Thanks to Bitcoin and the recent success of Dogecoin -- an ironically created joke cryptocurrency -- traders are finding a bevy of options for their speculative dollars. Stories in the media about newly minted cryptocurrency millionaires only fuel the fever to find the next asset to inflate.

One of the more recent options is Safemoon. It has many of the hallmarks of a token that could see significant appreciation as buyers hope to write their own rags-to-riches stories. Like most speculative assets, there are a few flashing red lights that should give investors pause before putting their chips on the table.

A man in a suit about to pop a bubble with a rising stock chart in it.

Image source: Getty Images.

Safemoon wants to be too legit to quit

SafeMoon was created in March and is encoded to benefit those who hold on to the asset instead of selling or trading it. It launched with 1 quadrillion tokens (that's 15 zeroes), and has systematically eliminated a portion of those with each transaction.

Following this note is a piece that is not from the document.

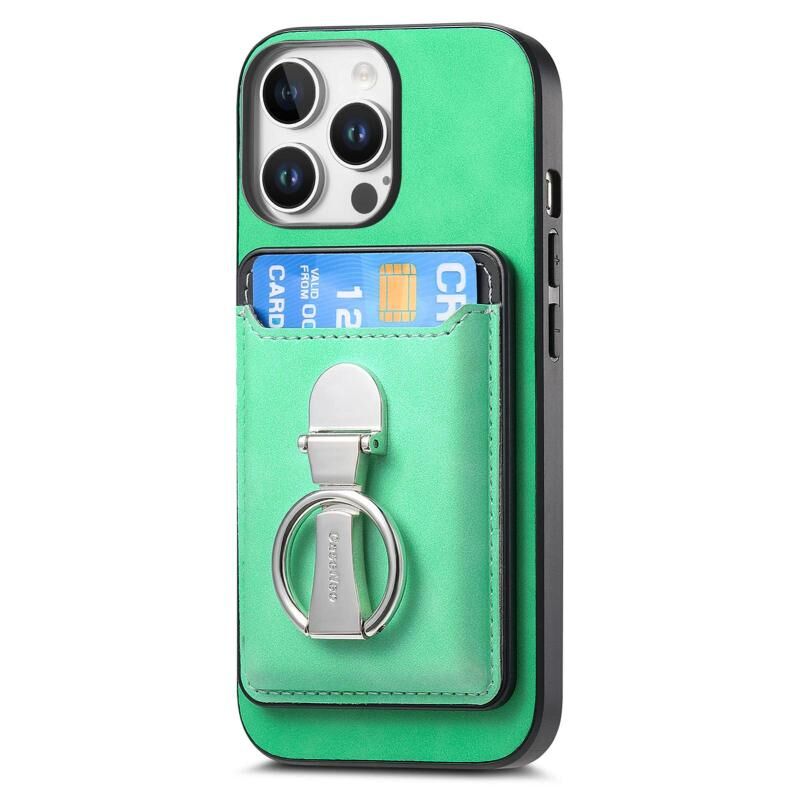 For iPhone 13 Pro Retro Folding Ring Holder Card Bag MagSafe Phone Case(Green)

It has managed to become a $4 billion asset in about two months of existence, and its price has risen more than 1.5 million percent, even after a big sell-off this week.

Safemoon isn't the easiest token to buy. It's currently available on eight crypto exchanges and has a pinned tweet of a video showing the currency-swap process required to make a purchase. Despite the lack of accessibility, the allure has been its promise to reward holders and penalize sellers. Incredibly, it's the third-most-visited page on coinmarketcap.com

Safemoon was founded by a U.S. military veteran who has likened the token to buying shares of Apple in the early days. It's difficult to pinpoint the similarity beyond his hope that it will experience massive appreciation over time.

That feeling could be based on the supply-and-demand curve in the asset's initial white paper. It's the kind you'd find in an Economics 101 course, and makes the case that as supply for Safemoon is destroyed, the price will go up. As you might expect, things aren't that simple.

The designers knew how to work it

Today, there are less than 600 trillion SAFE tokens in circulation. That's because each time a holder transfers them to another wallet, there's a 10% penalty. Half of that 10% is destroyed and half is distributed to a pool for other holders of Safemoon. It calls these "static rewards" and offers them to keep the hands of its 2 million holders steady.

That's convinced some that as the tokens get more scarce, the price will rise. Of course, there has to be demand for that equation to balance. Right now, interest is high. However, history hasn't been kind to those who bought something for the sole purpose of selling it to someone else in the future at a higher price.

Besides the obvious risks of buying something with no uses and no intrinsic value, there's a tangled string of connections from the founder and those promoting it. Despite positioning itself as decentralized finance, Safemoon has a CEO and a chief operating officer. That COO spent the past few years managing a YouTube influencer who started pushing the asset to his 4 million followers when it was launched.

Shortly after that, other online personalities began promoting it. To gain legitimacy, Safemoon commissioned blockchain security firm CertiK for an audit. The result probably wasn't what they were hoping for. 

There are good reasons to lean back

CertiK found 13 issues including one it deemed "major." It turns out, as those tokens from transaction penalties are collected, a significant portion goes to an owner address. Right now, that address is worth $2.6 billion. That's a big problem if the address turns out to benefit anyone other than existing holders. Although CertiK maintains that its audit is not an endorsement or approval, Safemoon's Twitter handle promptly announced the audit was complete with a video boasting it was "CertiK Approved."

The most recent celebrity to promote Safemoon is Barstool Sports founder Dave Portnoy. On Monday, he held a press conference announcing he would be backing the crypto. Even he told his followers to invest at their own risk, saying it might be a Ponzi scheme and claiming he had no idea how it worked.

That's admirable transparency and a fair warning for anyone blindly following his moves. Of course, he also pointed out that if it's a Ponzi scheme, you should get in on the ground floor.

Approaching investing like that is a good way to lose money quickly. The benefit of identifying any scam is to avoid it, not get in early to take advantage of others.

For those who feel like they're missing out on the crypto craze and are willing to gamble, it might be best to look elsewhere for opportunities to roll the dice. The basic protocols of Safemoon are designed like a bank that adds a 10% fee anytime you make a purchase. Few would open an account after hearing that sales pitch. Safemoon seems just as compelling.